Like Forecast Pro’s automatic machine learning models, our custom machine learning methodology uses XGBoost, an extreme gradient boosting algorithm, to create an ensemble of decision trees.
Forecast Pro’s machine learning algorithm will automatically select the most relevant features from both the user provided ones and the Forecast Pro generated features. You can automatically train custom machine learning models using the same AI-driven logic that powers Forecast Pro’s automatic machine learning uni-variate models, or you can specify a specific boosted decision tree structure.
If you are new to forecasting and these techniques seem a little intimidating, don’t worry. We designed Forecast Pro to guide you completely through the forecasting process. Just follow the program’s advice and you will soon be generating accurate forecasts and adding value to your business.
Some Forecasting Tips
Forecast Pro uses your data history to forecast the future, so it is extremely important that your data be as accurate and complete as possible. Keep in mind the rule, “garbage in, garbage out!”
You will also want to give some thought to what data you should forecast. If you want to forecast demand for your product, you should probably input and forecast incoming orders rather than shipments, which are subject to production delays, warehousing effects, labor scheduling, etc. Many corporations are making large investments to obtain data as close to true demand as possible.
The more data you can supply the program, the better! The program can work with as few as five data points, but the forecasts from very short series are simplistic and less accurate. Although collecting additional data may require some effort, it is usually worth it.
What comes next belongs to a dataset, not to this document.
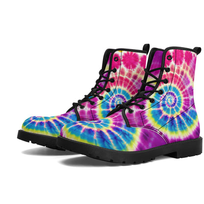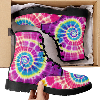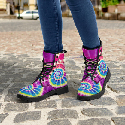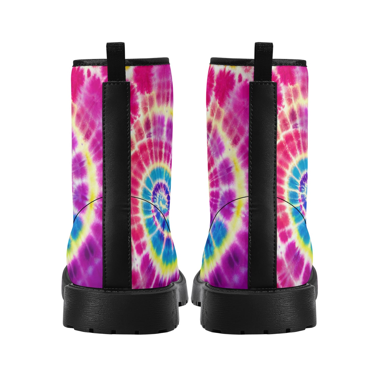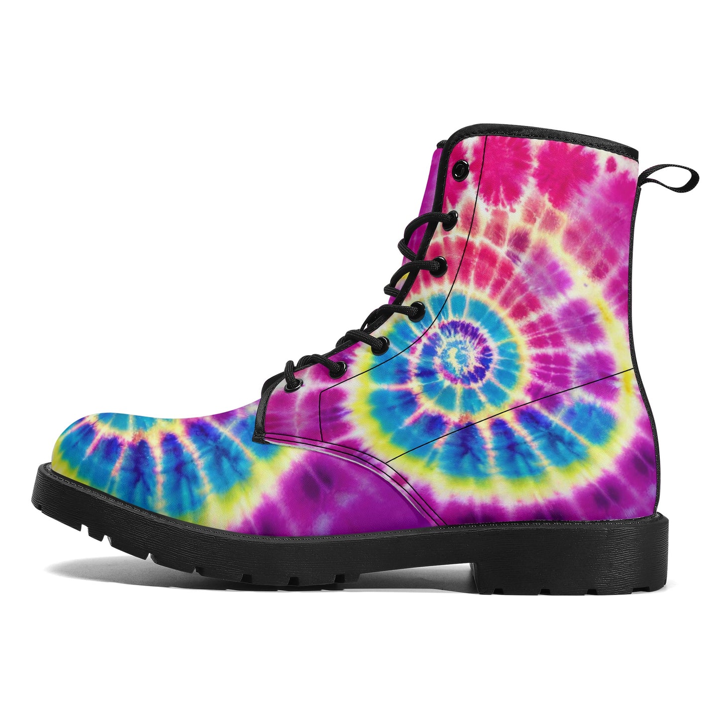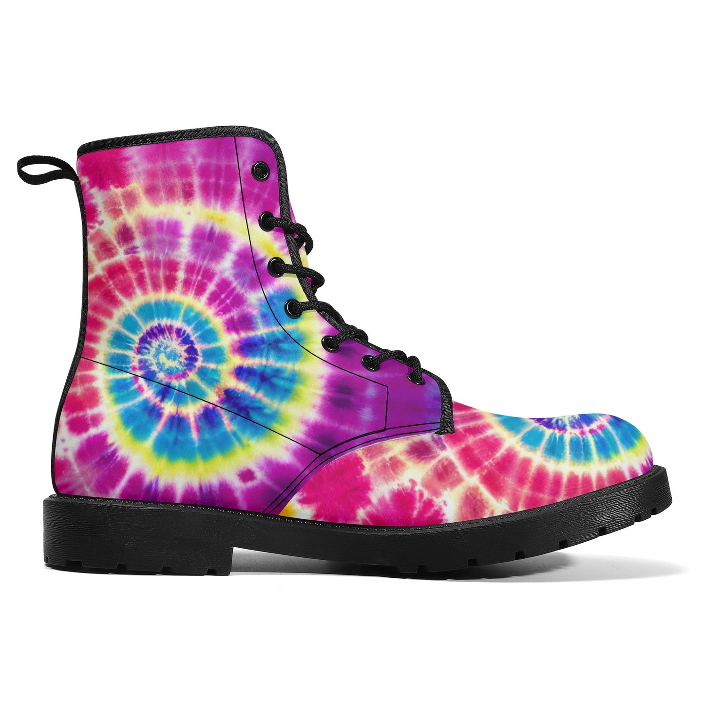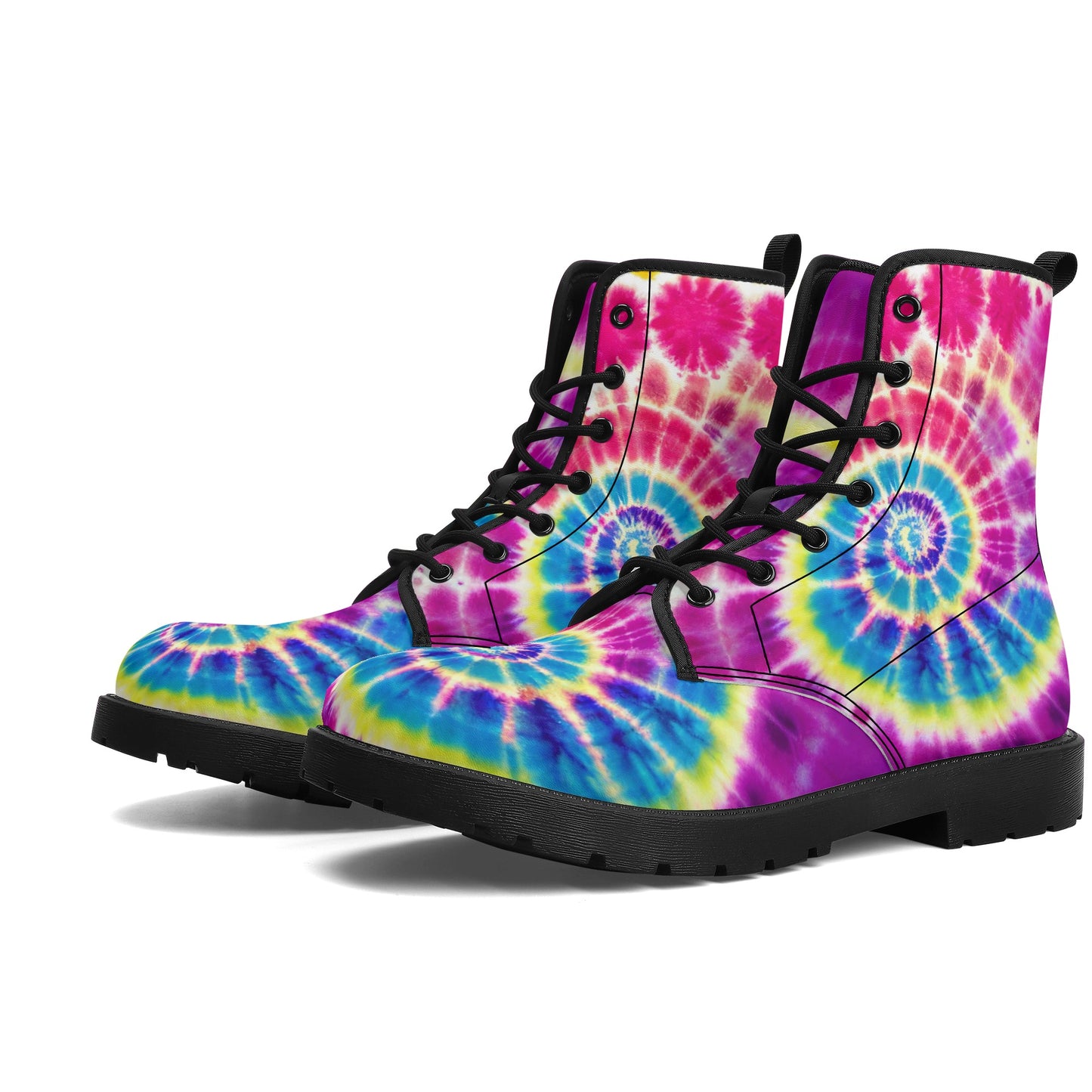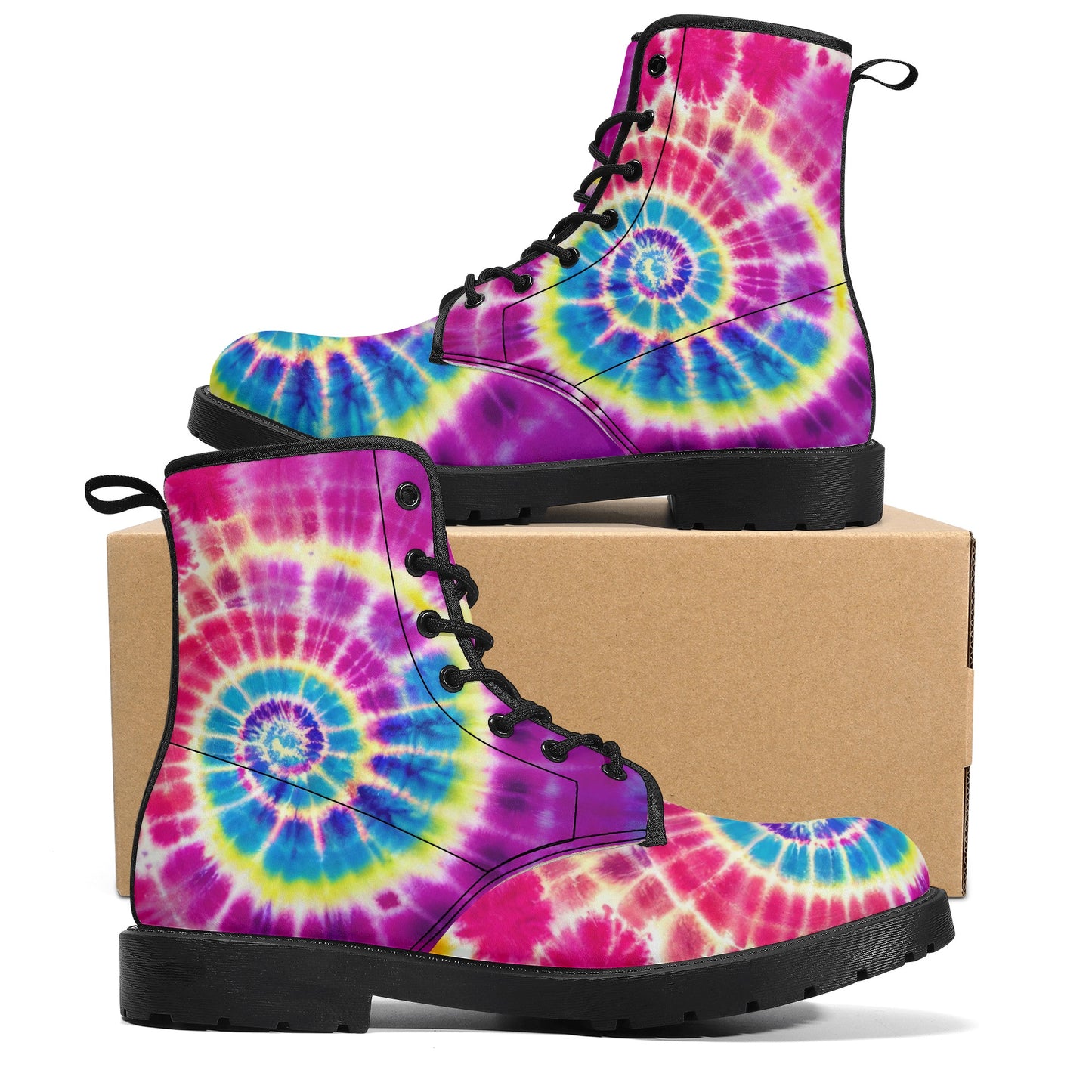 Tie Dye Women Leather Boots, Hippie Purple Vegan Lace Up Shoes Festival Black Ankle Combat Rave Winter Waterproof Custom Gift

If your data are seasonal, it is particularly important that you have adequate data length. The automatic model selection algorithms in Forecast Pro will not consider seasonal models unless you have ‘at least two years’ worth of data. This is because you need at least two samples for each month or quarter to distinguish seasonality from one-time irregular patterns. Ideally, you should use three or more years of data to build a seasonal model.